Le Chat au Japon

Au pays du soleil levant, les chats occupent une place particulière dans la culture et l’imaginaire collectif. Ils sont souvent considérés comme des animaux porte-bonheur, mystérieux et parfois même sacrés.
L’un des symboles les plus célèbres est le « maneki-neko« , le chat qui invite. On le voit fréquemment à l’entrée des boutiques et des maisons. Avec sa patte levée, il est censé attirer la fortune, la prospérité ou la réussite, selon celle qu’il lève. Ce petit talisman n’est pas seulement décoratif. Il reflète une croyance populaire profondément ancrée, selon laquelle les chats ont le pouvoir d’apporter chance et protection.

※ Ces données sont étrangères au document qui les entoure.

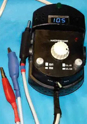 Конденсатор С14 и резистор R7 предотвращают самовозбуждение микросхемы DA1. Резисторы R8, R9 - защитные. При наличии напряжения на выходе стабилизатора светится светодиод HL3. Диод VD11 защищает элементы устройства при подключении в обратной полярности к выходу БП, например, заряженного конденсатора, аккумуляторной батареи. Для подключения БП к питаемой аппаратуре предусмотрены кабель со стандартным штекером XP2 диаметром 5,5 мм и два отдельных провода с зажимами "крокодил" на концах, что повышает удобство пользования устройством. На провод со штекером ХР2 надета подвижная термоусаживаемая трубка, которая отформована таким образом, что её можно использовать как защитный чехол.

Dans la tradition japonaise, les chats possèdent aussi une aura magique. Le « Bakeneko » et le « Nekomata » sont des créatures légendaires issues du folklore. Ce sont des chats capables de parler, de se transformer, d’influencer les humains ou même de hanter les maisons. Ces récits montrent à la fois la fascination et la crainte que les Japonais avaient pour leur intelligence et leur indépendance.
Aujourd’hui encore, les chats sont omniprésents dans la culture contemporaine. On les retrouve dans les mangas, les dessins animés et les mascottes, comme Hello Kitty, devenue un symbole mondial de douceur et de mignonnerie (かわいい – kawaii). Les Neko cafés* (oui pour rappel Neko signifie chat en japonais) sont particulièrement populaires et témoignent du besoin de calme et de réconfort dans la vie urbaine.

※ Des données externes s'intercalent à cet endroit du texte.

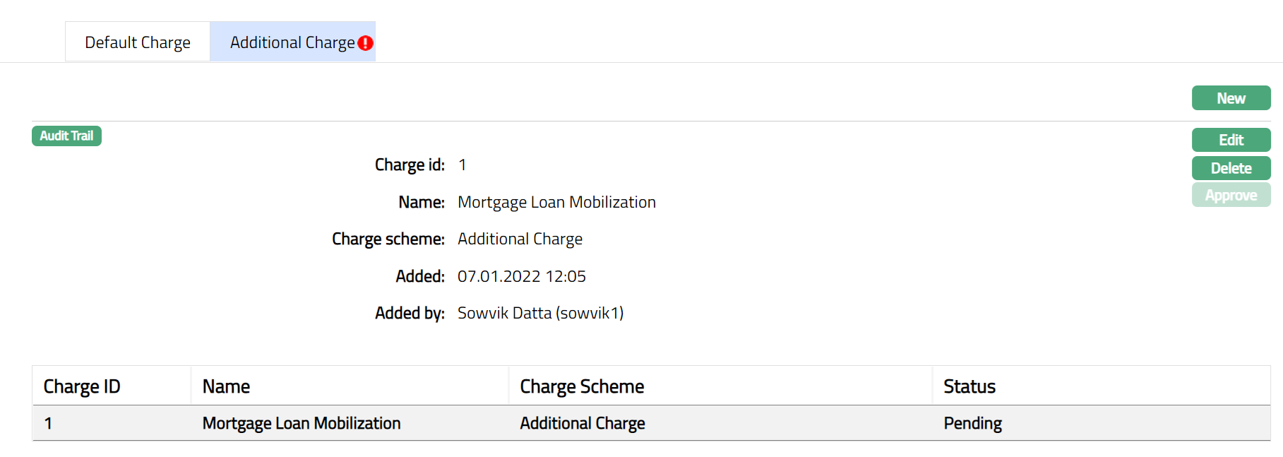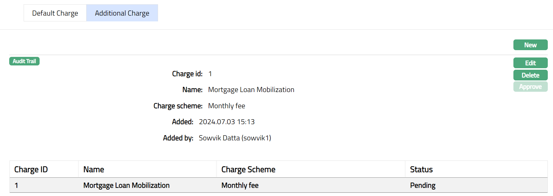 - Click New. The New Additional Charge page appears.

*Neko café: Bar à chats. Endroit où l’on peut boire un thé tout en caressant des chats.
Pour beaucoup de Japonais, le chat est donc plus qu’un simple animal de compagnie: il représente un être élégant, mystérieux, protecteur, porteur de bonheur et de tendresse. Sa présence s’inscrit à la fois dans la modernité et dans des croyances anciennes, ce qui lui confère une place unique dans la culture japonaise.

Quelques chiffres:
D’après les estimations les plus récentes de la Japan Pet Food Association, il y a environ 9 millions de chats domestiques au Japon. Ce chiffre augmente d’année en année, contrairement au nombre de chiens. En effet, celui-ci diminue, environ 7 millions aujourd’hui.
Beaucoup de Japonais vivent dans de petits appartements et ont de grosses journées de travail, les chats sont donc privilégiés, car il nécessite moins de sorties.
A ces chats domestiques s’ajoutent aussi de nombreux chats errants. On peut les apercevoir, tout particulièrement, dans certains villages ou îles devenues célèbres comme Tashiro-jima ou Aoshima, parfois surnommées « les îles aux chats », où les félins sont plus nombreux que les humains.